Given the structure of a protein–RNA complex (specified by its PDB code), RsiteDB details its interacting protein-RNA chains. For each pair of chains, RsiteDB details the number of atomic contacts, which are defined by atoms within a distance of 5 Å. A pair of protein–RNA chains is considered to be interacting if there are at least 10 atomic contacts between them. We further analyze the protein interacting nucleotides and dinucleotides, their geometries and the properties of the corresponding protein binding sites. We define a nucleotide binding site by the protein Connolly solvent accessible surface area (19) within 2 Å from the surface of the RNA base. Nucleotides with a protein binding site area larger than 3 Å2 are defined as protein interacting. Given a pair of extruded consecutive nucleotides that interact with the protein, a dinucleotide binding site is defined by a pair of corresponding nucleotide binding sites.

Figure 1 presents the details provided by RsiteDB and illustrates one binding pocket accommodating a pair of consecutive π-stacked nucleotides. RsiteDB presents such parameters as the distance and angle between consecutive nucleotides as well as the binding site surface area. RsiteDB considers the protein binding sites represented by their surfaces and the physico-chemical properties termed pseudocenters (20). These are points in 3D space extracted from the protein amino acids that represent groups of atoms according to the interactions in which they may participate: hydrogen-bond donor (DON), hydrogen-bond acceptor (ACC), mixed donor/acceptor (DAC), hydrophobic aliphatic (ALI) and aromatic contacts (PI).

RsiteDB classification

Each binding site from a known protein–RNA complex is either assigned to a cluster of similar binding sites or described as unique. Members of the same cluster share a similar spatial arrangement of pseudocenters, which we term a 3D consensus pattern. For each cluster, RsiteDB details its members and their multiple binding site alignment. The multiple alignment of nucleotide and dinucleotide binding sites is performed with the MultiBind and RnaBind methods, respectively (17). Figure 3 illustrates the analysis of the 3D consensus pattern described by the pseudocenters matched by the alignment. For each matched pseudocenter, we present its property as well as the details of the amino acid that originated it. As illustrated in Figure 3, RsiteDB provides a Jmol visualization of the multiple alignment and of the common pattern shared by the cluster members.

Figure 3.

Figure 3.

RsiteDB classification. An example of a cluster of dinucleotide binding sites. RsiteDB details the properties of the binding sites in the cluster (top table) and provides the transformations that can align them in 3D space. The bottom right table details the matched pseudocenters of the common pattern. Each binding site in a cluster is described by its PDB code, chain identifies and nucleotide identities (e.g. 1sj3PRU51G52). It has three columns which provide the following details of its matched pseudocenters: (i) chain identifier and residue number; (ii) residue type and (iii) pseudocenter type. Although the pseudocenters are not required to have the same amino acid identity or origin (backbone or side chain), we indicate the conservation of these (* or b/s, respectively). The RNA dinucleotides are represented as sticks, colored by their atoms.
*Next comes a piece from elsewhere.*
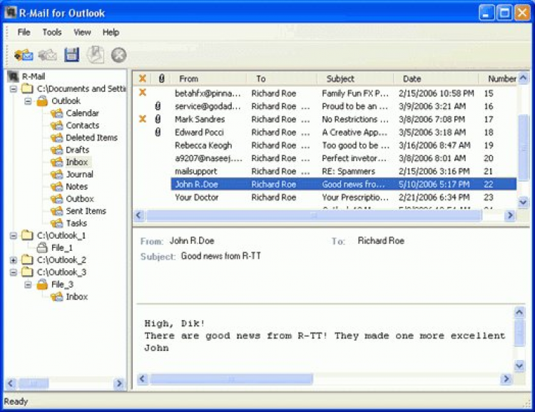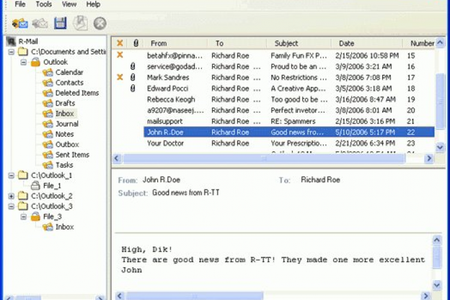 - Воссозданные данные могут быть просмотрены в R-Mail for Outlook, где интерфейс просмотра максимально приближен к Outlook, а затем импортированы и открыты в Outlook или Outlook Express.

The classification of RsiteDB is unique due to several reasons. First, it accounts for the spatial physico-chemical properties of dinucleotide binding sites. Second, it is based on a classification methodology, which performs multiple binding sites alignment and validates the spatial superimposition of the cluster members. This overcomes the problem that objects similar in pairs may not be similar as a whole group. Specifically, by using multiple alignment, we assess the quality of the constructed 3D consensus pattern, which is required to be shared by all cluster members and to constitute at least 30% of each binding site (17).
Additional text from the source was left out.